(Data extracted from a collection)
* * * * * * * * *

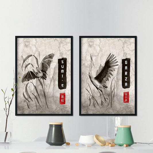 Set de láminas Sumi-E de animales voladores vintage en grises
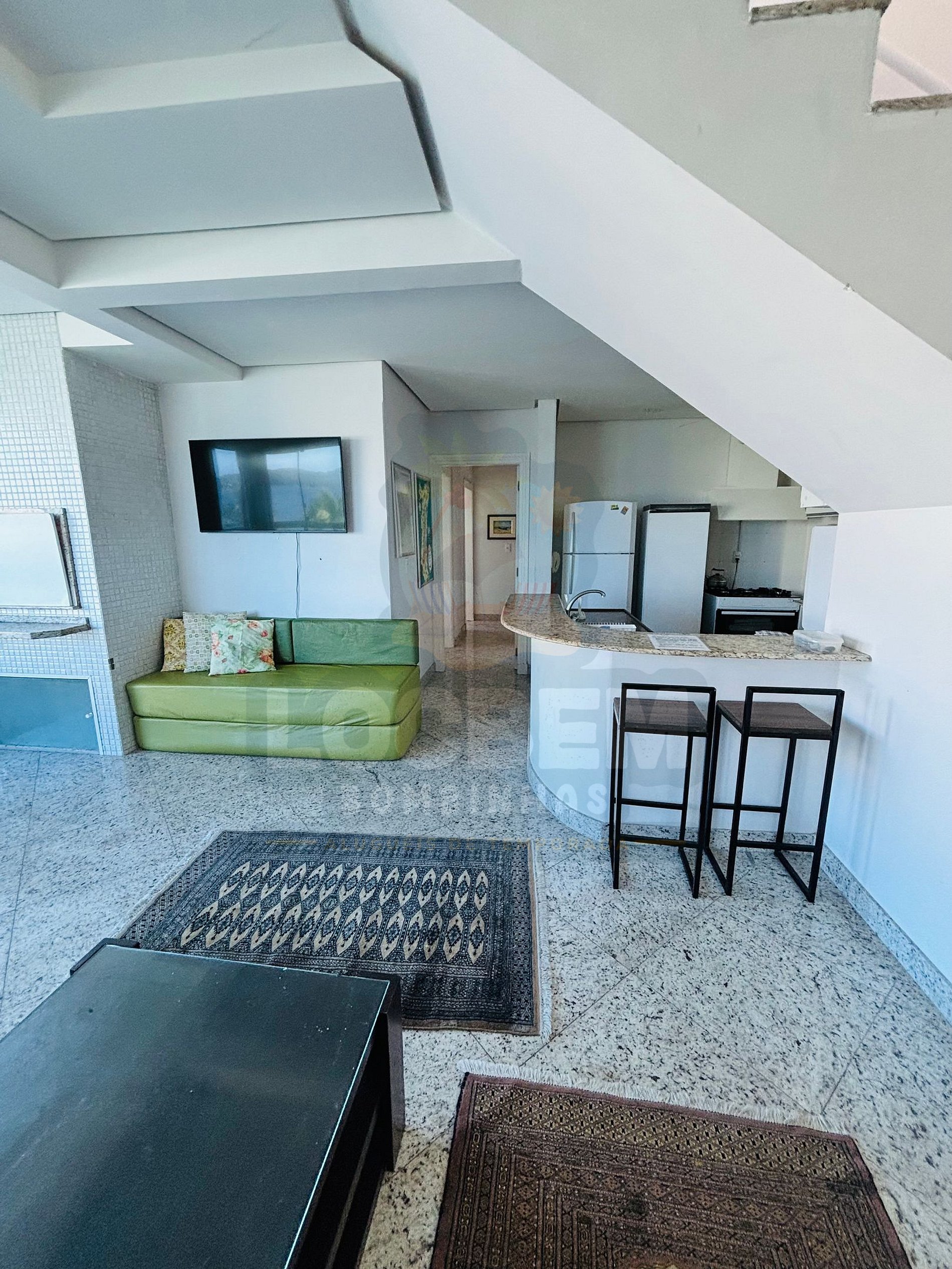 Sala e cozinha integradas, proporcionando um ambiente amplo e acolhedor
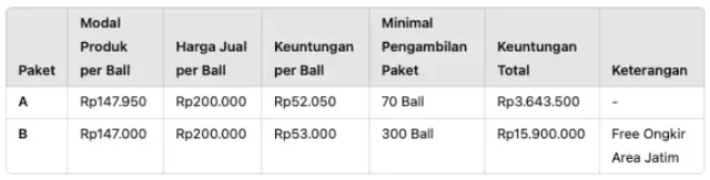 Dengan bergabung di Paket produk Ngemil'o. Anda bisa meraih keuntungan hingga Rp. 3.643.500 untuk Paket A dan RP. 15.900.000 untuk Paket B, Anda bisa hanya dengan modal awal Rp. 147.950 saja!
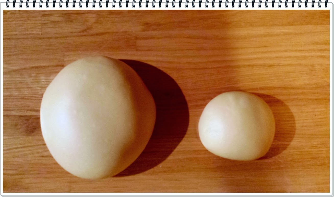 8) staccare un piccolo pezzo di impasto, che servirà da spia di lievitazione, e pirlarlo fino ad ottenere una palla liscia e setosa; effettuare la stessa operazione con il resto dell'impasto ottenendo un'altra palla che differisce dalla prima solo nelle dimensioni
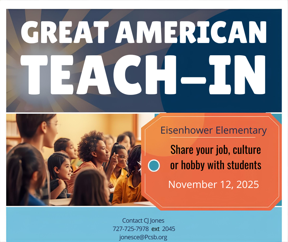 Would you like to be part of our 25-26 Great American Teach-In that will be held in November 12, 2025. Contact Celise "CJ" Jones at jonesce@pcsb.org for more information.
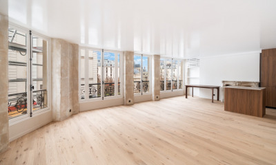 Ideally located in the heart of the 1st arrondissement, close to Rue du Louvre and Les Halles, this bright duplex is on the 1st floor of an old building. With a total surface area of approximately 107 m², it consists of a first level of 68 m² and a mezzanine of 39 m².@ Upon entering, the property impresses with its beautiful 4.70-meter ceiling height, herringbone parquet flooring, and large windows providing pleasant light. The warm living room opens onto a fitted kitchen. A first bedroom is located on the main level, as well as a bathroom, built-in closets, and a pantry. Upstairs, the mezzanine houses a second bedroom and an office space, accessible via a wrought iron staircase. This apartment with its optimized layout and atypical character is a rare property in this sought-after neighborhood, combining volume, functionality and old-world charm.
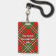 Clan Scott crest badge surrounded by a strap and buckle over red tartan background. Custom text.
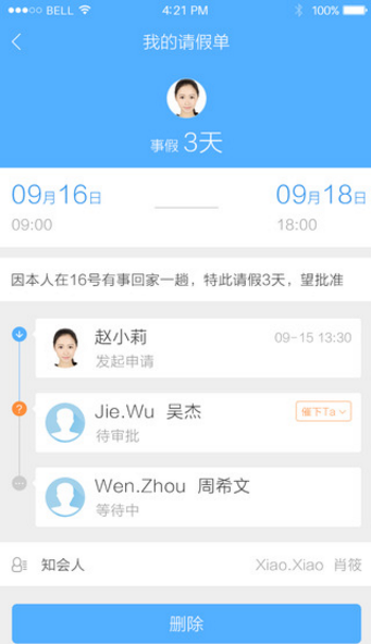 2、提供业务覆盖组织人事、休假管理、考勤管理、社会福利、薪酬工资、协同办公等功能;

* * * * * * * * *

## Exercise aim
From the data above, return only the lines starting at the line that holds "Dengan bergabung di" and ending at the line that holds "Would you like", word for word and without pictures.

## Answer to the problem
 Dengan bergabung di Paket produk Ngemil'o. Anda bisa meraih keuntungan hingga Rp. 3.643.500 untuk Paket A dan RP. 15.900.000 untuk Paket B, Anda bisa hanya dengan modal awal Rp. 147.950 saja!
 8) staccare un piccolo pezzo di impasto, che servirà da spia di lievitazione, e pirlarlo fino ad ottenere una palla liscia e setosa; effettuare la stessa operazione con il resto dell'impasto ottenendo un'altra palla che differisce dalla prima solo nelle dimensioni
 Would you like to be part of our 25-26 Great American Teach-In that will be held in November 12, 2025. Contact Celise "CJ" Jones at jonesce@pcsb.org for more information.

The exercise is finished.